Above is the tag cloud I ended up with. My approach to tagging on CiteULike was designed to be intentionally organic and sub-optimal, in an attempt to replicate natural folksonomy development. I avoided using the “view all tags” button when tagging articles in order to reflect the ways in which multiple users can create redundancies based on different perceptions of which components matter most when creating tags.
The most visible artifacts of that are the network-networks and practice-practices pairs; the circumstances under which those arose were, in review, cases where one article or group of articles dealt specifically with the singular. theoretical concept (in terms of a specific framework, often) while another dealt with more general references and direct applications in practice. Thus, they are not perfectly identical in intent, but to an outside observer that is not evident.
“Knowledge” is by far the most prominent tag. This is due to the core principle I retained throughout the semester in my tagging efforts, that I would orient everything around that single concept, branching off into more specific expressions and variations according to the focus of a given article-“information” when that was being dealt with as an explicit distinction from knowledge, for example. Predictably, “management”, “organization”, and “transfer” were three other major tags, as each represents a core expression of knowledge in the literature.
A number of infrequently-used tags also exist. These generally emerged when an article had an overwhelming focus on a specific idea to the point where it was about that in particular; the concept of knowledge “stickiness” is a good example of this type of tag.

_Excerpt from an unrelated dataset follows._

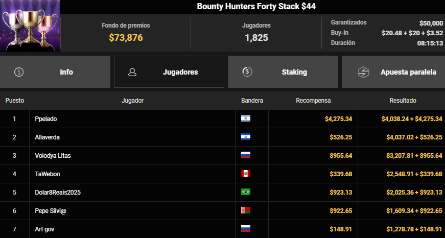 Poco después, volvió a sobresalir en el Bounty Hunters Forty Stack $44, uno de los torneos más concurridos de la plataforma con 1,825 inscripciones. Allí, el peruano alcanzó el cuarto lugar, sumando $2,888.59 en premios totales y compartiendo mesa final con jugadores de Argentina y Uruguay.

In hindsight, this approach was too generalized and natural. My efforts reflected the natural formation of a folksonomy in form but not in depth, as a single individual is ultimately incapable of processing the same quantity of material which goes into the construction of a folksonomy. It would likely take several times this many articles and a much more comprehensive tagging effort (a minimum of 6-7 tags per article) in order to accurately reflect the patterns of such a system.
It also lacked the strong structure of a traditional organized vocabulary, or even of a culled folksonomy, being bound only by a single guiding principle rather than a set of criteria for what types of tags should be employed, which variation of a given tag should be used, &c.
For a project of similar scope and time span, in future I would use the following design, or set of requirements. First, I would develop a core set of five or six essential tags, and then limit myself to using no more than four or five for any single article. This would ensure a strong basis for comparison on key features while preventing over-generalization based on rationalizations that almost every article touches upon almost every core issue in some regard. Likely this would also contain a measure of reform in term construction, phrasing these core terms as “Knowledge_(#Area of interest#)” to eliminate the use of the plain “Knowledge” tag as a meaningless label applied to every article.
Following that, I would enforce a mandate on myself that I include at least three area-specific tags for each work dealing with the more detailed and specialized content of the piece. These tags would be bound to apply to no more than half of the total volume of articles and no fewer than two total. Additionally, I would allow for up to three article-specific tags per work, to cover important concepts not discussed anywhere else in the literature as well as authors’ unique terms and phrases.
Although this is rather more structure than would normally be seen in a folksonomy, this sort of approach is not quite a true folksonomy, as it consists of only a single contributing individual. As an aside, it might be interesting to construct an overall class folksonomy drawing from each participant’s tags to create a larger impression of tagging patterns.